Here, we must divide by 4! to account for the four identical H's and by 2! to account for the two identical T's:
6!/(4!2!) = 15.

Multiplying the results above, we get:
P(exactly 4 H's) = 15 * 1/32 = 15/32.

Thus:
P(exactly 5 heads or exactly 4 heads) = 6/32 + 15/32 = 21/32.

More practice:
https://www.beatthegmat.com/select-exact ... 88786.html
https://www.beatthegmat.com/probability- ... 14250.html
https://www.beatthegmat.com/a-single-par ... 28342.html
https://www.beatthegmat.com/at-a-blind-t ... 20058.html
https://www.beatthegmat.com/rain-check-t79099.html
https://www.beatthegmat.com/probability-t227448.html

Thanks for good explanation.

BUT

How does it matter that 1st TAIL comes of 5 HEADs come.
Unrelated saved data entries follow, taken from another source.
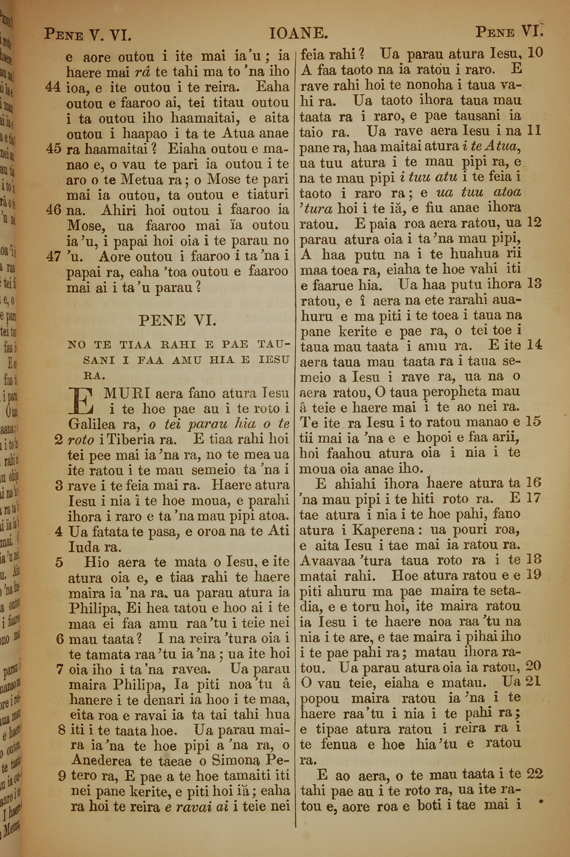 1853年塔希提語新約全書 約翰福音 5 章 44 節到 6 章 22 節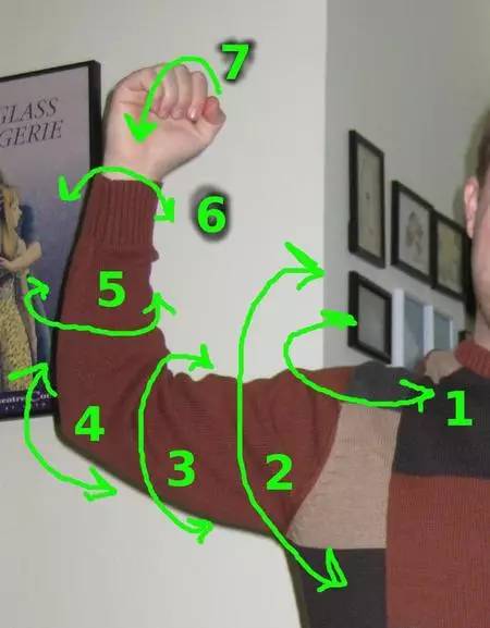 有人问5,6是不是一样的。5是拧钥匙时唯一要转动的关节,动力来自小臂两根桡骨的扭转;6是把鼠标放在桌面用手转时唯一要转动的关节,动力来自手腕的旋转。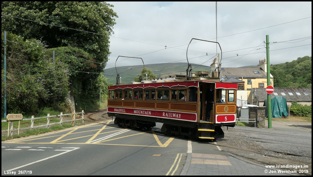 Snaefell Car No 5 crossing the main road in Laxey, heading for the summit.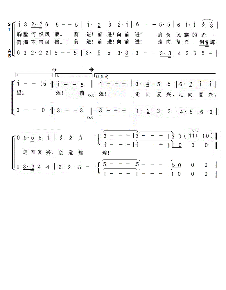 通知公告 通知公告 香港彩霸王» 通知公告» 香港彩霸王 通知 一二九合唱音乐及谱子 发布日期:2013-11-10 阅读次数: 请所有合唱人员下载练习。新增曲目《中国龙》请在周五晚上18:30之前听熟,至少能跟唱。 附件: 中国龙.mp3 中国龙-乐谱.jpg 走向复兴2.gif 走向复兴1.gif 总政合唱团-走向复兴.mp3 分享到: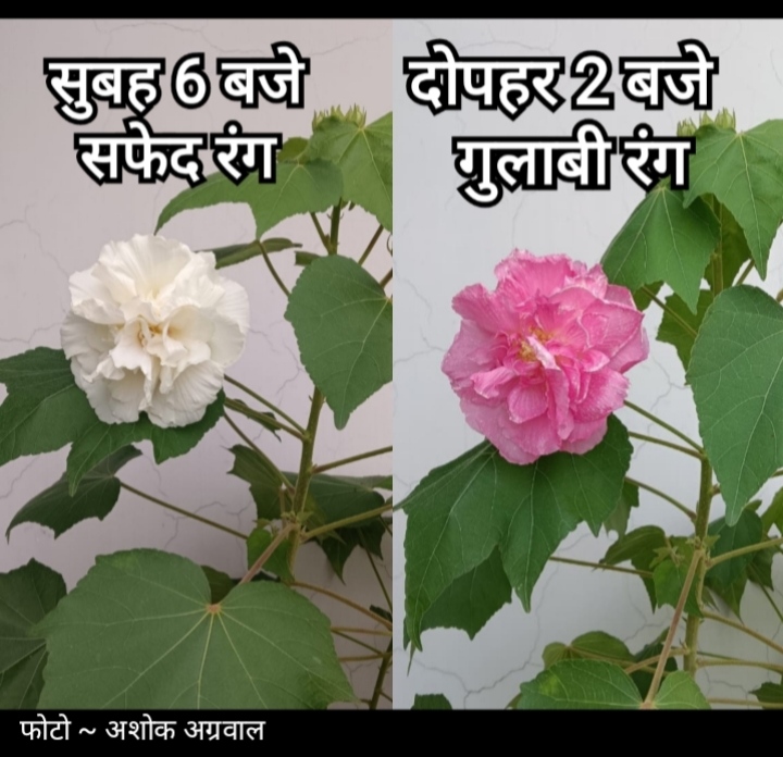 कोरबा:वरिष्ठ अधिवक्ता एवं अग्रोहा मार्ग निवासी अशोक अग्रवाल की छत की बागवानी में एक चमत्कार देखने को मिला। यहां अद्वितीय और आकर्षक राधा रानी पुष्प जिसे स्थल कमल या हिबिस्कस रोजा सिनेसिस भी कहा जाता हैं खिला। फूल का चंद घंटों मे चमत्कारिक रूप से रंग बदल गया जिसे श्री अग्रवाल ने अपने कैमरे में कैद किया हैं इस फूल के रंग बदलने की क्षमता इसे अद्वितीय और आकर्षक फूल बनाती है। बता दें कि 8 सितंबर को सुबह 6 फूल सफेद रंग में खिला था किंतु दोपहर दो बजे तक यह पूरी तरह से गुलाबी हो गया। निश्चित की यह प्रकृति का एक चमत्कार है। यह फूल भगवान कृष्ण और राधा रानी की प्रेम कहानी से जुड़ा हुआ है। अक्सर पूजा पाठ अनुष्ठानों में इस पवित्र फूल का उपयोग किया जाता हैं।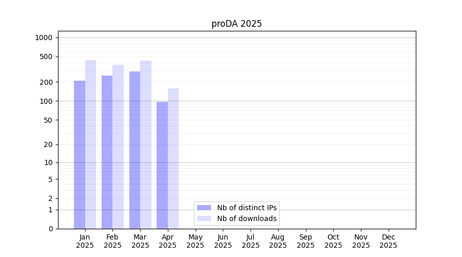 Number of downloads for software package proDA, year by year, from 2025 back to 2014 (years with no downloads are omitted):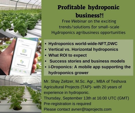 A free international webinar dealing with hydroponics and the vertical farming trend will be held on 13/9/22 at 16:00 UTC.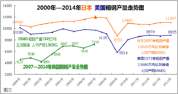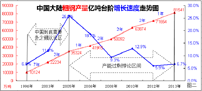 根據(jù)國統(tǒng)局修正數(shù)據(jù),2013年全國粗鋼產(chǎn)量由原來公告的7.79億噸,調(diào)整到8.15億噸。這說明,中國大陸的粗鋼產(chǎn)量在2013年就登上了8億噸臺(tái)階,而且從7億到8億的臺(tái)階只化了1年時(shí)間。由此認(rèn)為,這一組巨量數(shù)據(jù)至少表明三個(gè)方面的情況:一是從2003年起,我國粗鋼產(chǎn)量每一兩年登個(gè)億噸臺(tái)階,不僅相當(dāng)輕松,而且十分穩(wěn)健;二是不管行業(yè)產(chǎn)能過剩的爭(zhēng)論如何,粗鋼產(chǎn)量十多年來始終近似45度的斜率增長,這個(gè)巨量數(shù)據(jù)既是中國鋼鐵工業(yè)發(fā)展的必然,更是中國經(jīng)濟(jì)社會(huì)發(fā)展的必須。充分反映,十多年來,鋼鐵巨量的快速增長不僅僅是經(jīng)濟(jì)社會(huì)發(fā)展的要求,更是經(jīng)濟(jì)、社會(huì)發(fā)展的切實(shí)需要。當(dāng)然,也是“中國到底需要多少鋼”和“鋼鐵產(chǎn)能嚴(yán)重過剩”的有力回答。(見圖二)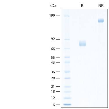 2 μg/lane of Recombinant Human IL-22BP Fc Chimera Avi-tag Protein (Catalog # AVI1087) was resolved with SDS-PAGE under reducing (R) and non-reducing (NR) conditions and visualized by Coomassie® Blue staining, showing bands at 73-82 kDa and 146-164 kDa, respectively.Formulation, Preparation and Storage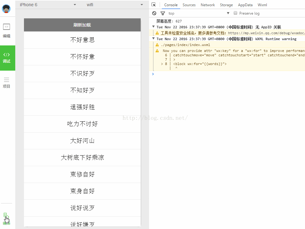 1.下拉刷新,在滑動到頂部時,bindscrolltoupper被調用,根據自己的業務邏輯請求即可.我的demo只是隨機換了個關鍵字.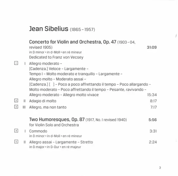 | Violin Concerto In D Minor, Op. 47 | 31:09 min | |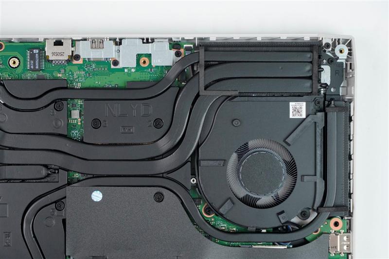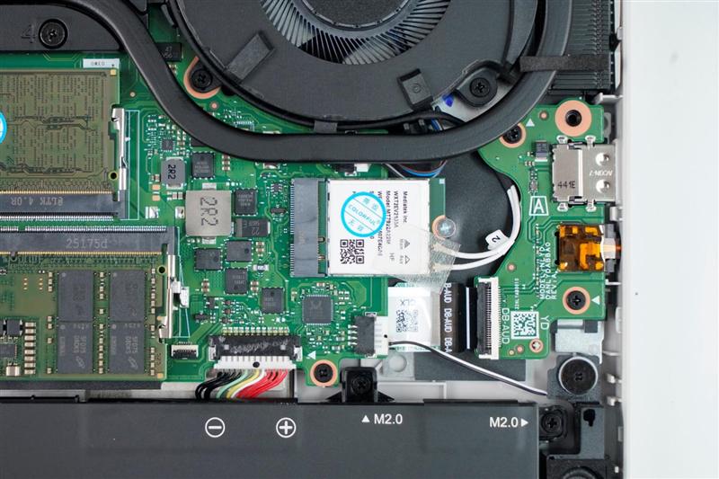 但这个楔形设计也对内部空间造成了一定的影响,可以在拆机图片中看到,电池下方其实还有一部分空间其实是无法充分利用的,这也造成了MEOW R16 Pro笔记本的电池容量偏低,续航表现不佳,鱼和熊掌无法兼得。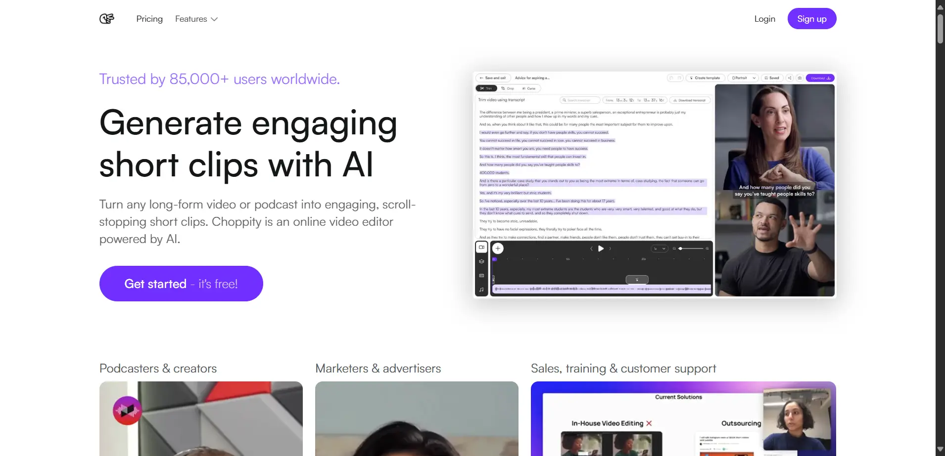Choppity is an AI-powered online video editor that transforms long videos and podcasts into scroll-stopping, shareable short clips. It automates the editing process while letting you keep full creative control, making it ideal for content creators, agencies, and businesses.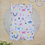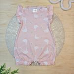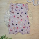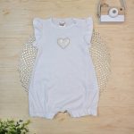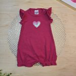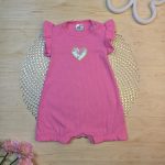 Macacão Curto Babado Canelado Rosa Pink – Bordado Coração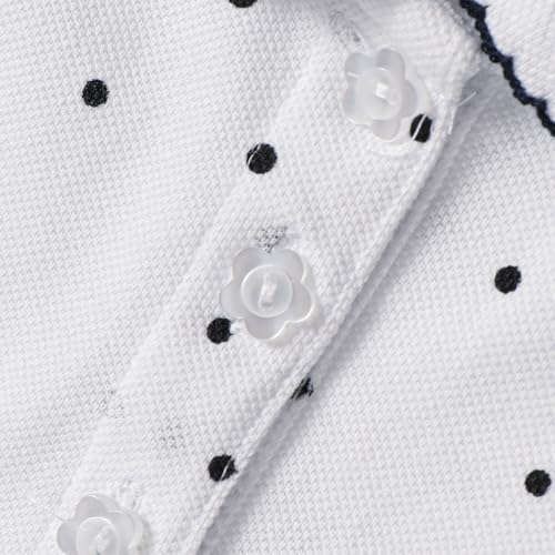 • 【Charming Black & White Design】 Classic Peter Pan collar and playful black polka dots on a crisp white tee create a timeless, stylish look. Ideal for photos, parties, or everyday adventures. 【Easy Dressing & Active Fit】 Polo collar with 2-button closure and stretchable ribbed sleeves ensure hassle-free dressing. Roomy cut allows freedom of movement for running, jumping, and play.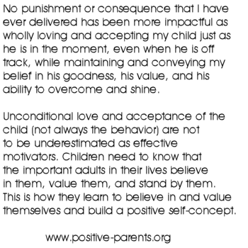 Finally, whether a consequence is needed or not, it is invaluable to our children to convey to them our belief in their goodness, in their value, and in their ability to overcome whatever they are dealing with and shine. Our consistent belief in them is how they build a consistent belief in themselves, and that will benefit them for a lifetime.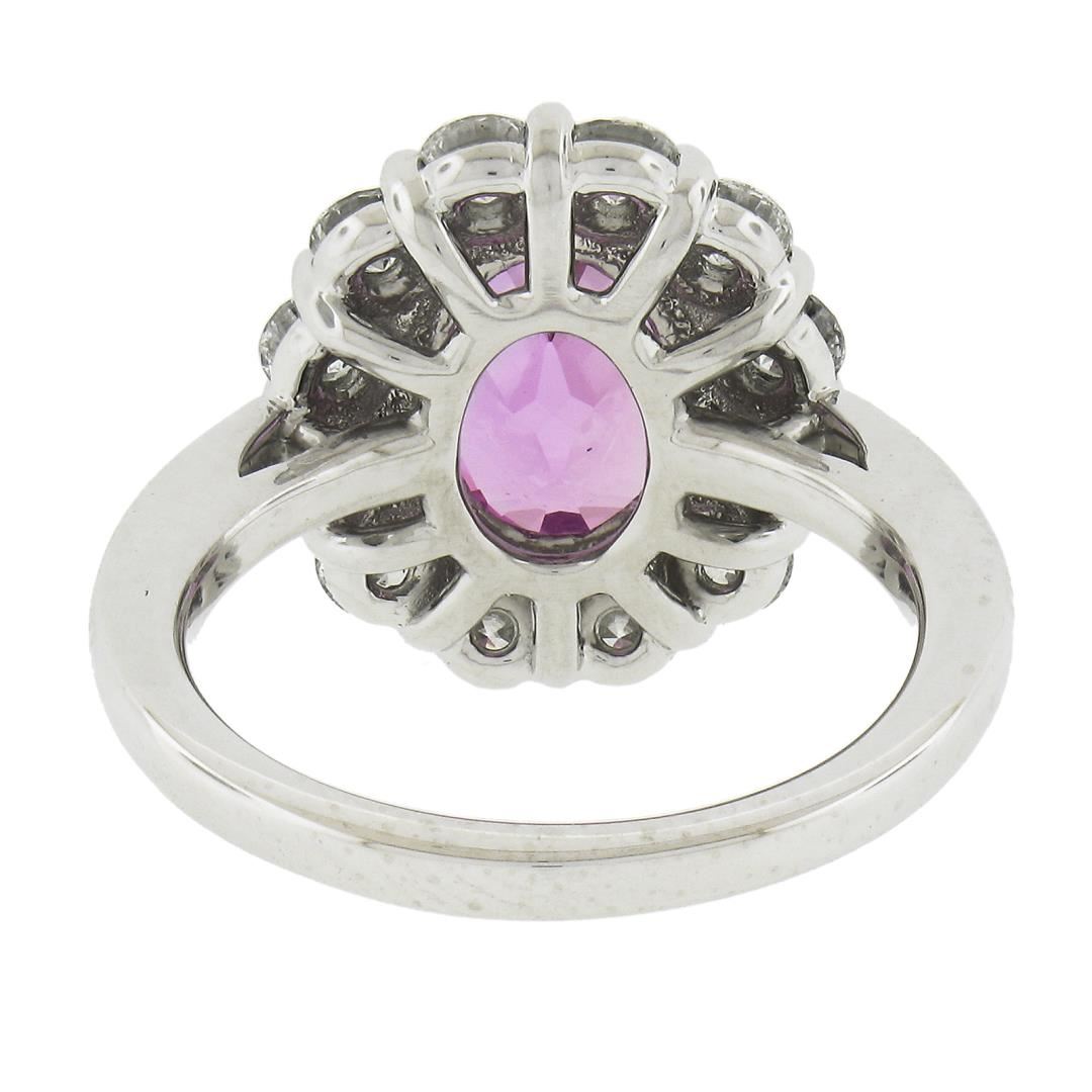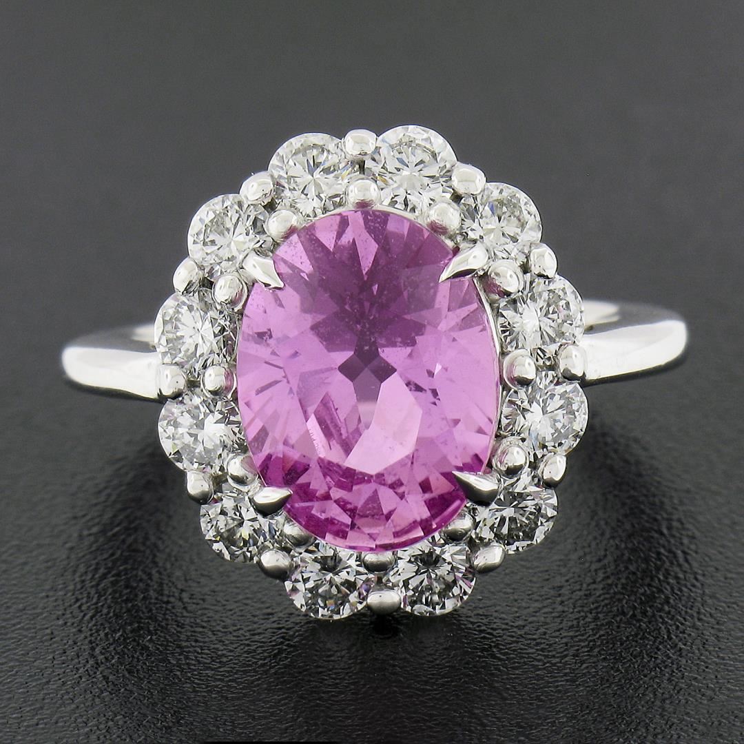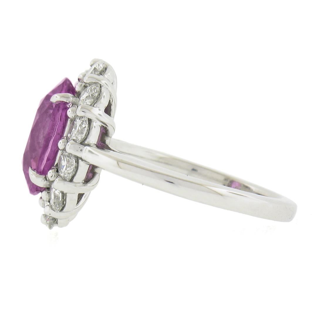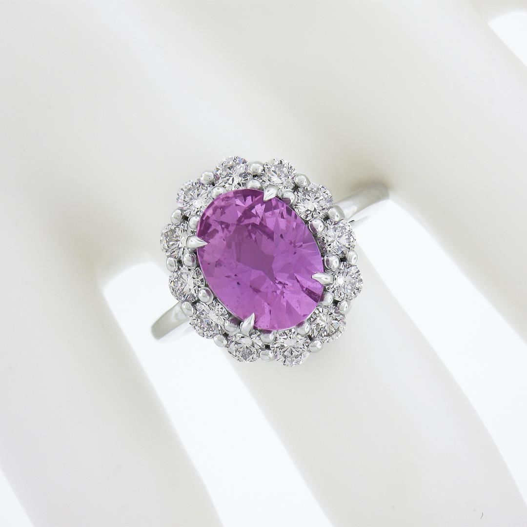 A solid new platinum ring, with 1 GIA graded oval cut natural pink sapphire (4.31ct ), surrounded with a halo of 12 round cut natural diamonds (F/G - VS1/VS2 ; 1.33ctw). The ring is size 7.0, weighs a total of 10.06 grams, and measures 16.4mm wide. Comes with all original relevant certifications.

Since the number of apples given/taken will remain same corresponding to each HEAD/TAIL which will be >12 & <18 ?

Totally confused.

nikhilgmat31 wrote:Thanks for good explanation.

BUT

How does it matter that 1st TAIL comes of 5 HEADs come. Since the number of apples given/taken will remain same corresponding to each HEAD/TAIL which will be >12 & <18 ?

Totally confused.

Josh will finish with 16 apples if the 6 flips yield exactly 5 heads and 1 tails.
Here are all of the ways to get exactly 5 heads and 1 tails:
HHHHHT
HHHHTH
HHHTHH
HHTHHH
HTHHHH
THHHHH.
Total ways = 6.

Since there are 6 WAYS that Josh will finish with 16 apples, and there are a total of 32 WAYS to flip a coin 6 times, we get:
P(Josh finishes with 16 apples) = 6/32.

Thanks it helps & justifies the answer.